(Available data begins)

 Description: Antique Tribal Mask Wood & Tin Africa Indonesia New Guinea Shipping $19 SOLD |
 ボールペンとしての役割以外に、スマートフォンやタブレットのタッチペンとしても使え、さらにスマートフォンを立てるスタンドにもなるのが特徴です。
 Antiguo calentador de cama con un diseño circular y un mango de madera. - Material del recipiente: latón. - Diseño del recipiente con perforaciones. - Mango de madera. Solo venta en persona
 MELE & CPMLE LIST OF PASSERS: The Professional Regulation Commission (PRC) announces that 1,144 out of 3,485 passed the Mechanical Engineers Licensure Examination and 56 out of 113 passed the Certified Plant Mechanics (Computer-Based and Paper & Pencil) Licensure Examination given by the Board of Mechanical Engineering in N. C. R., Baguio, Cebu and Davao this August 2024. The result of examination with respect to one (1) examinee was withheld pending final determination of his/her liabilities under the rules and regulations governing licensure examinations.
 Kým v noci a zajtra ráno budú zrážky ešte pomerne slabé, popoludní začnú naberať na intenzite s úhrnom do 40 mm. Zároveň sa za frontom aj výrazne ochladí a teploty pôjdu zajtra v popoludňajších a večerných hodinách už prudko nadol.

(Available data ends)
(Available data begins)

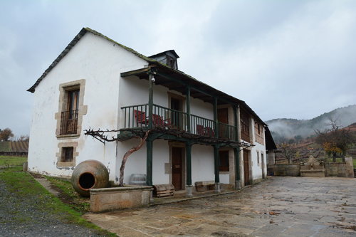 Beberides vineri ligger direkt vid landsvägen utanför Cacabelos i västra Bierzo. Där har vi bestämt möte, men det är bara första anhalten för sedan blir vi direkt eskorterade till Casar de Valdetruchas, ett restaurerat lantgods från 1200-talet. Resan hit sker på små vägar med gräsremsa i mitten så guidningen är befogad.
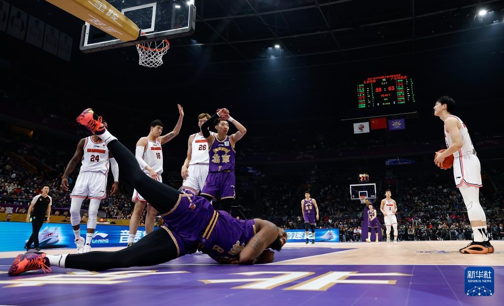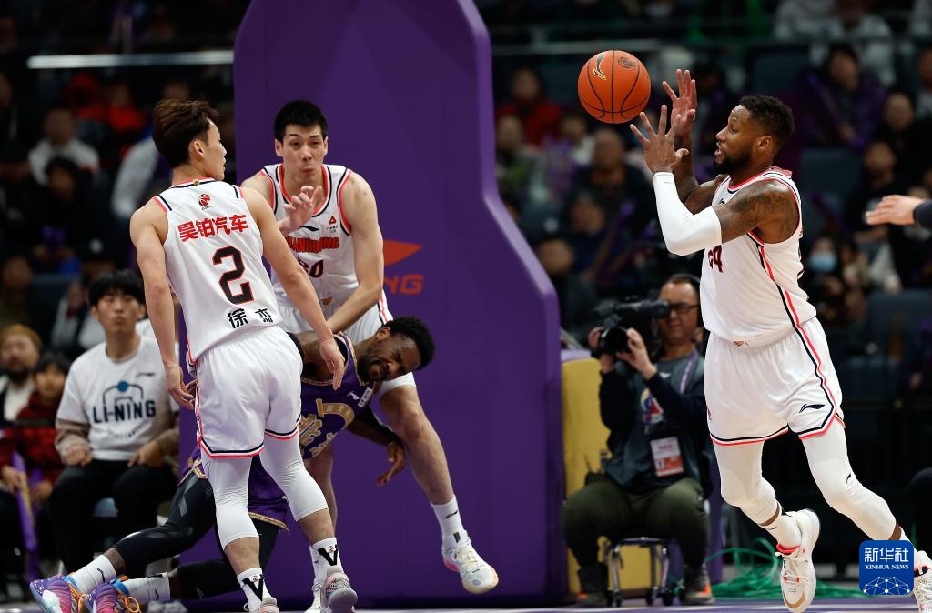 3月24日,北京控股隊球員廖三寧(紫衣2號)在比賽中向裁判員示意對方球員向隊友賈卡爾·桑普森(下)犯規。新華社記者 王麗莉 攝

(Available data ends)
(Available data begins)

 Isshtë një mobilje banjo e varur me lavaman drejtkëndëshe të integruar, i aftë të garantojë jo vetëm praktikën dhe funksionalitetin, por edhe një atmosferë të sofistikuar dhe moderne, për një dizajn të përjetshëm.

(Available data ends)

[Work task]: Among the records above, extract exactly the lines from the line with "Description: Antique Tribal" to the line with "Antiguo calentador de", both lines included, and leave out the rest.

[Exercise response]:
 Description: Antique Tribal Mask Wood & Tin Africa Indonesia New Guinea Shipping $19 SOLD |
 ボールペンとしての役割以外に、スマートフォンやタブレットのタッチペンとしても使え、さらにスマートフォンを立てるスタンドにもなるのが特徴です。
 Antiguo calentador de cama con un diseño circular y un mango de madera. - Material del recipiente: latón. - Diseño del recipiente con perforaciones. - Mango de madera. Solo venta en persona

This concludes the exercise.